Major television network affiliates in metropolitan areas most affected by a record-breaking heat wave in June failed to discuss how climate change exacerbates such heat waves or mention that it will make them more frequent in the future, and major national TV networks neglected to report on the connection too. Over eight days in late June, major TV affiliates in Phoenix and Las Vegas aired a combined 433 broadcasts that included a segment or weathercast about the heat wave, but only one of those mentioned climate change -- and that one downplayed its impact. The local affiliates also ignored a new study that found one-third of the global population already faces deadly heat waves for at least 20 days a year due to climate change, yet they aired segments focused on how climate change could affect the flavor of coffee.

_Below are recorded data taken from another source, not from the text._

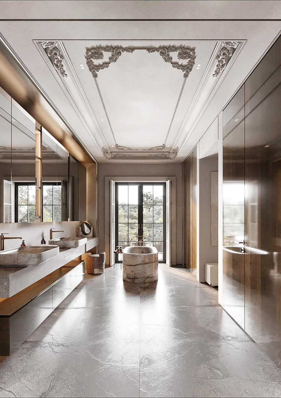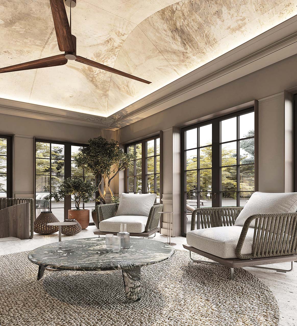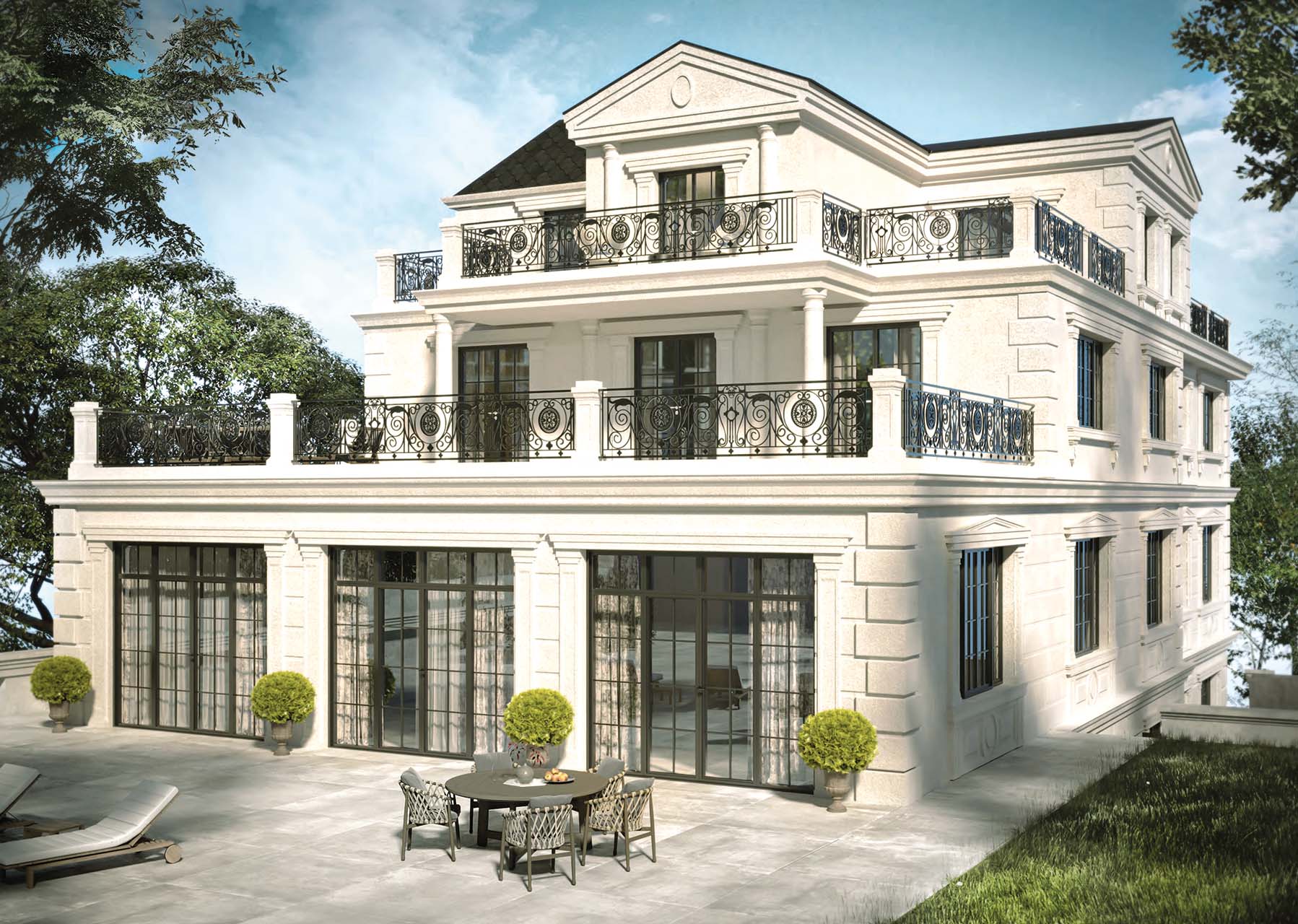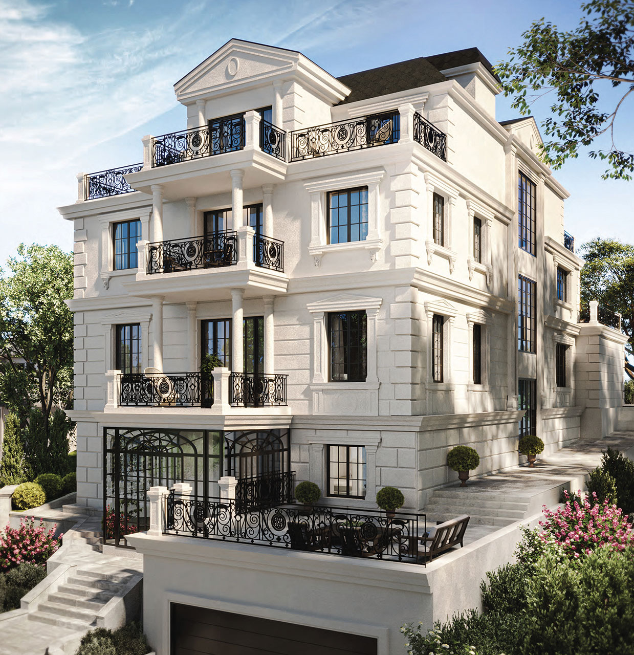 Bereits der erste Blick auf dieses von klassischer europäischer Villenarchitektur aus dem 19. Jahrhundert inspirierte Meisterwerk bleibt in Erinnerung. Die in Handarbeit ausgeführte, neoklassizistische Fassadengestaltung und die Verwendung hochwertigster Materialien sowie kunstfertige Details vermitteln die Grandezza längst vergangener Tage.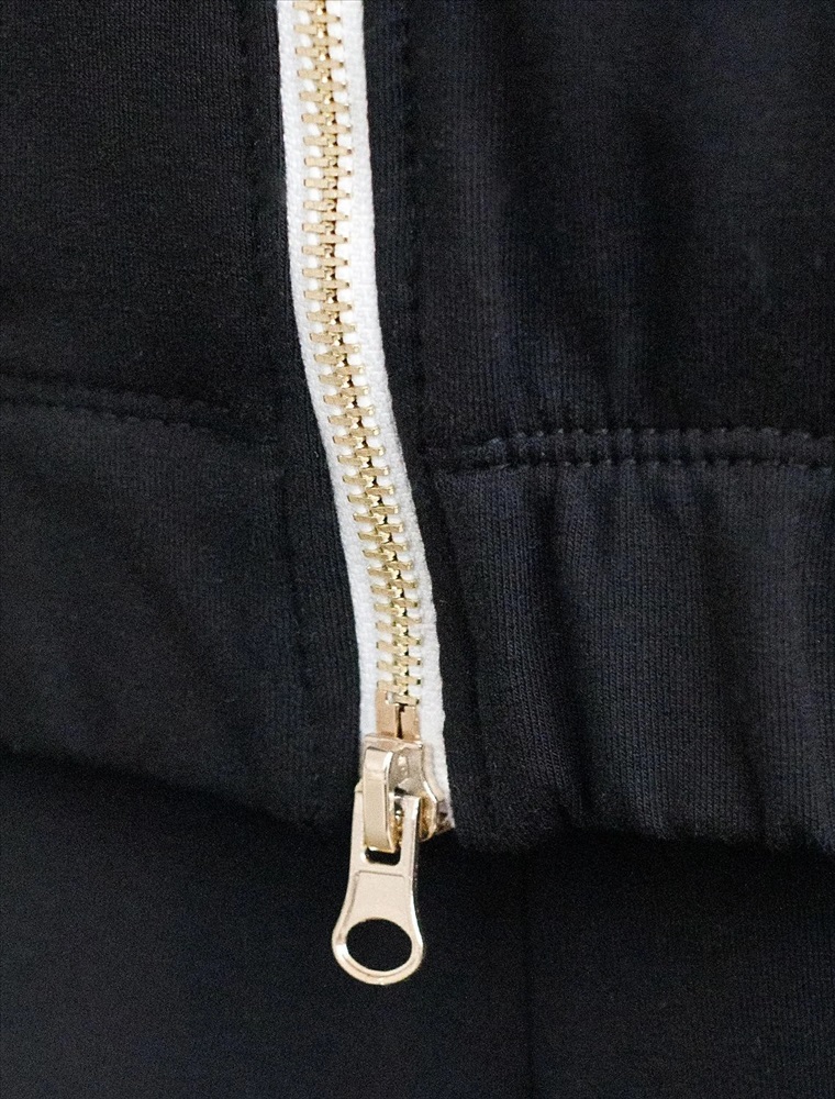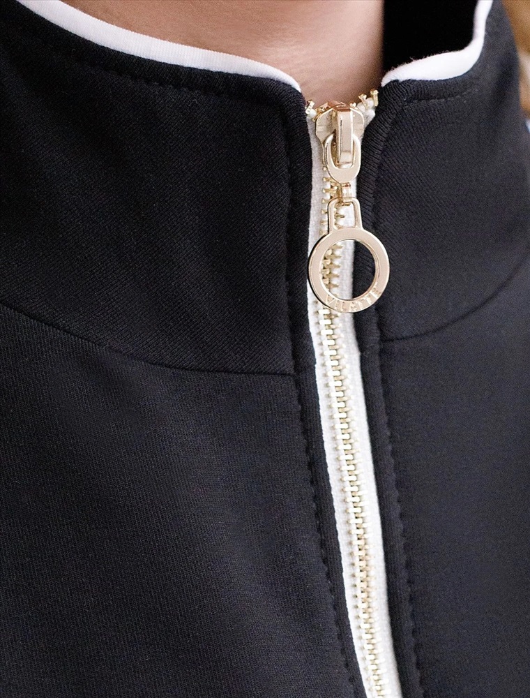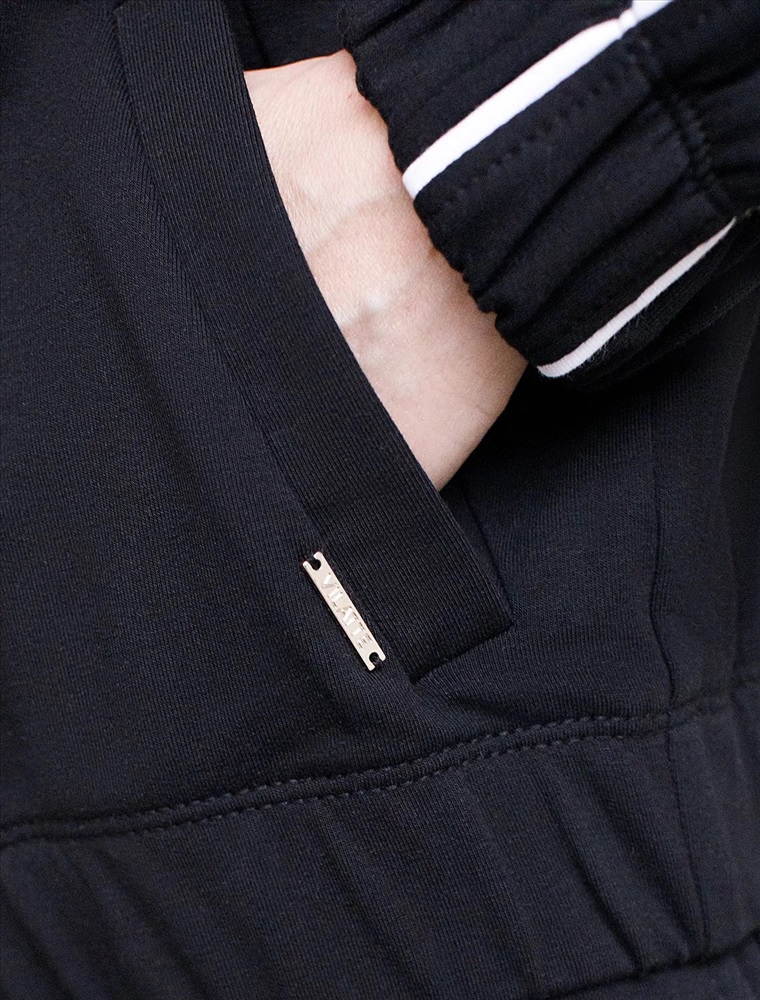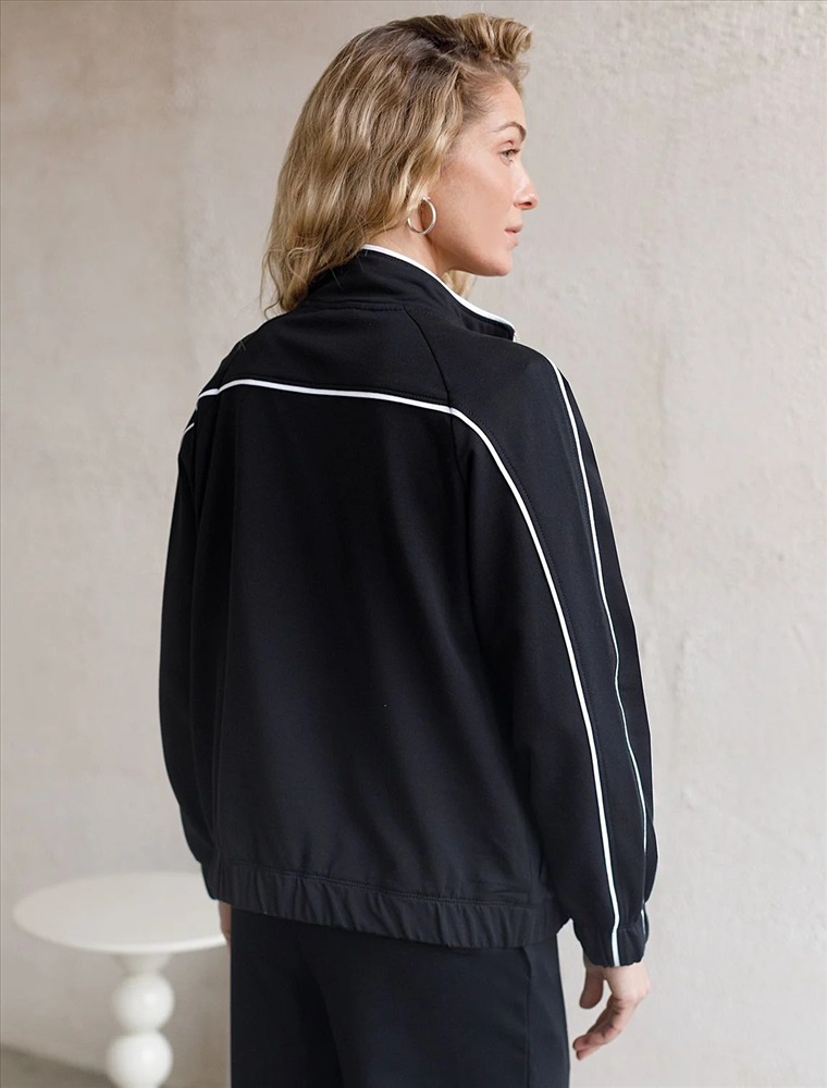 Свободный бомбер черного цвета на молнии выполнен из премиального футера двухнитки плотностью 240 Г/м2. Натуральный состав обеспечивает хорошую воздухопроницаемость, мягкость и приятные тактильные ощущения, Эластичный материал олимпийки позволяет свободно двигаться без лишнего стеснения, а также отлично сохраняет форму даже после длительного ношения. Манжеты на рукавах и резинка по низу обеспечивают надежную посадку, сохраняя тепло в прохладную погоду. Повседневный бомбер отличается универсальной длиной, которая идеально подходит для повседневного и спортивного образа. Контрастные лампасы на рукавах придают образу динамику и визуально вытягивают силуэт, делая модель актуальной. Прорезные карманы по бокам добавляют функциональности, сохраняя при этом стильный внешний вид. Представленная размерная линейка позволяет подобрать оптимальный вариант для любой фигуры и размера, на маленький или плюс сайз, обеспечивая идеальную посадку без компромиссов по стилю. Эта зипка на молнии станет отличным дополнением к базовому гардеробу, сочетая практичность с элегантностью.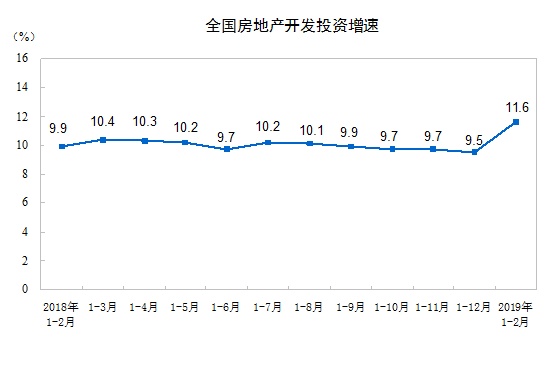 2019年1-2月份,全國房地產開發投資12090億元,同比增長11.6%,增速比2018年全年提高2.1個百分點。其中,住宅投資8711億元,增長18.0%,增速提高4.6個百分點。住宅投資占房地產開發投資的比重為72.1%。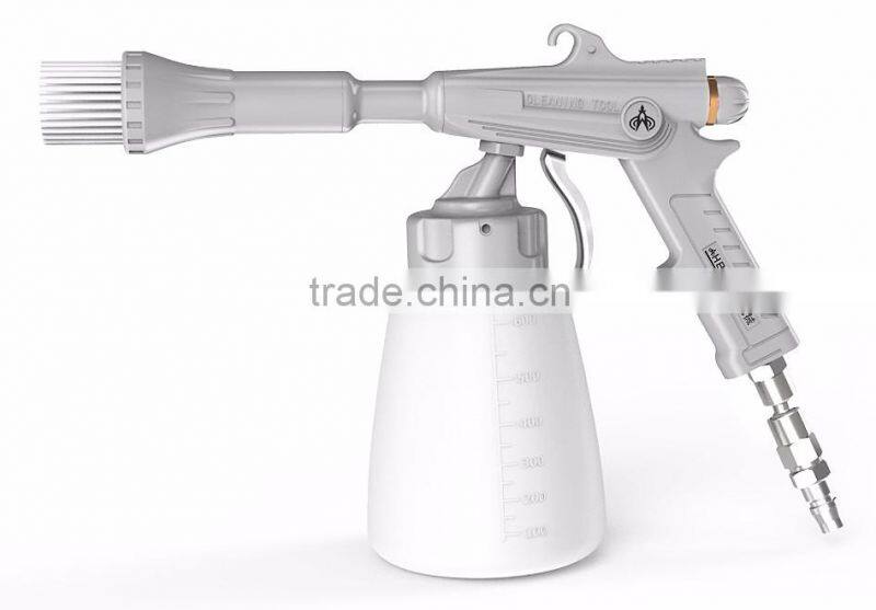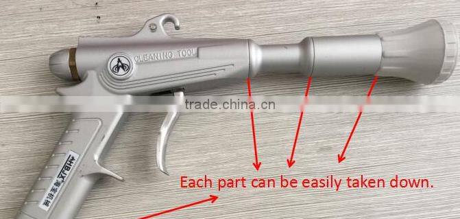 Our new cleaning gun have a special design ,Gun trigger have 2 way switch ,when open trigger ,first have air and second have soup that have better atomization effect. Close trigger gun ,first close soup and second close air .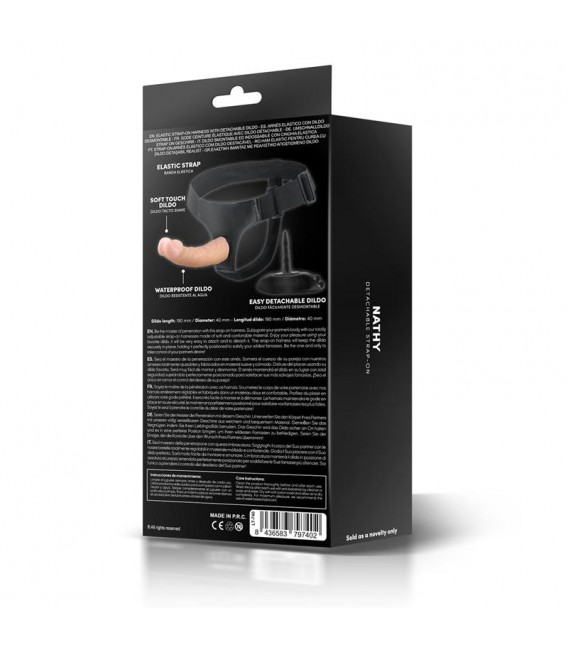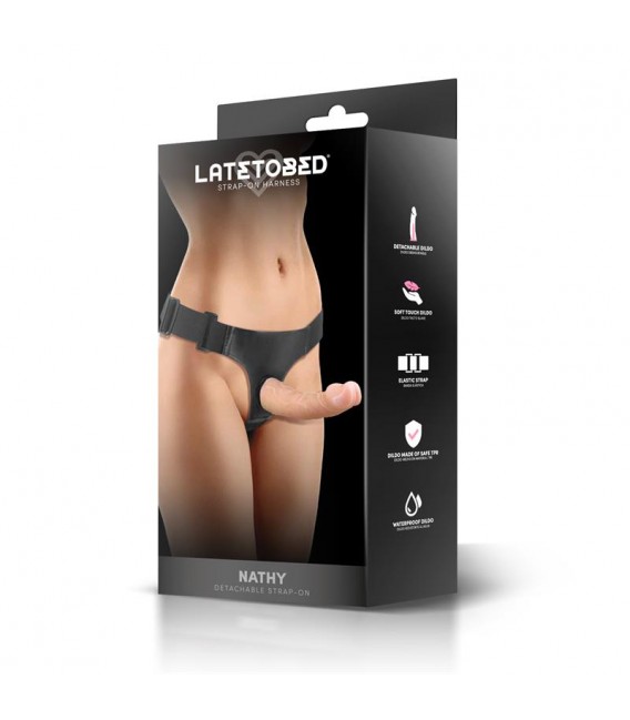 Nathy es un arnés que incluye un dildo con un tacto sedoso. Este dildo es semi realista, con el añadido de unas venas marcadas para añadir placer, y cuenta con un tacto sedoso e increíble al tacto.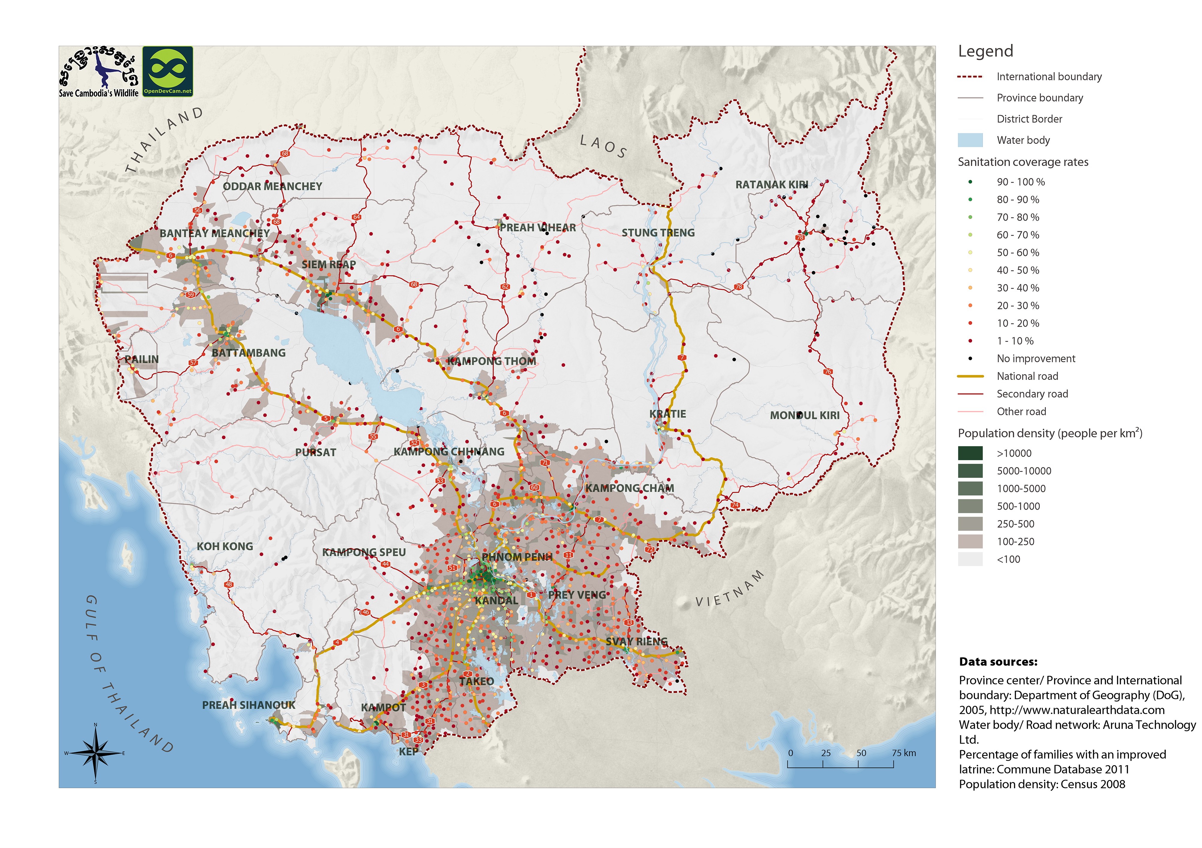 This dataset contains excerpts from the Commune Database produced by the NCDD (National Committee for Subnational Democratic Development). Namely quantitative data about the coverage of improved or unimproved latrines and their ratio per family/household for each commune in Cambodia. Data were provided to ODC in vector format by Save Cambodia's Wildlife's Atlas Working Group.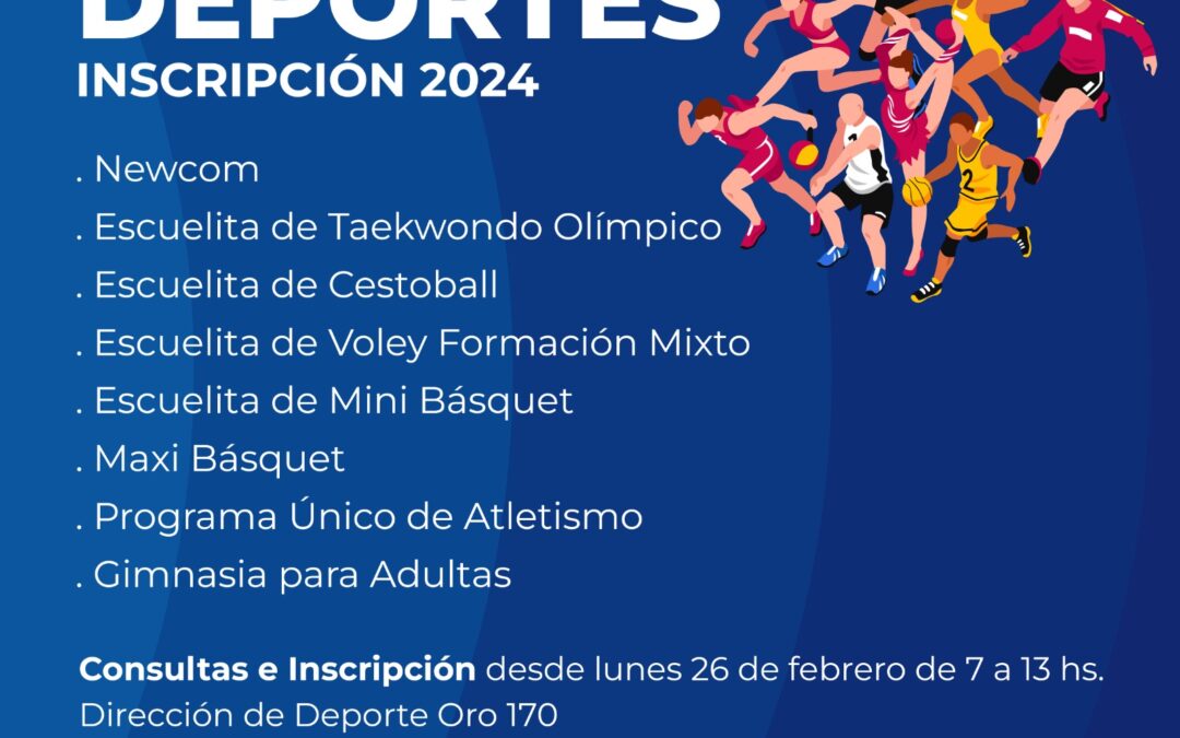 Ocho de las muchas actividades que se realizan bajo la órbita de la dirección de Deporte municipal abren el próximo lunes (26) la inscripción para sus talleresde la temporada 2024: son el Newcom;las escuelitas de Taekwondo Olímpico, Cestoball, Mini Basquet y Voley Formativo Mixto; el Programa Único de Atletismo (PÚA); el Maxi Basquet; y Gimnasia para Adultas algunos de ellos en más de una sede.

Phoenix and Las Vegas affiliates ignored alarming study about climate change’s impact on extreme heat, despite experiencing a record heat wave
For more than a week in late June, much of the Southwest was hit by a brutal heat wave. In Phoenix, temperatures were 10 to 15 degrees above average and new temperature records were set for three days in a row from June 19 to 21, reaching as high as 119 degrees. Dozens of flights had to be canceled after higher temperatures made it harder for certain types of small planes to take off. Las Vegas saw similar record-breaking daily temperatures and tied its all-time high temperature record of 117 degrees on June 20.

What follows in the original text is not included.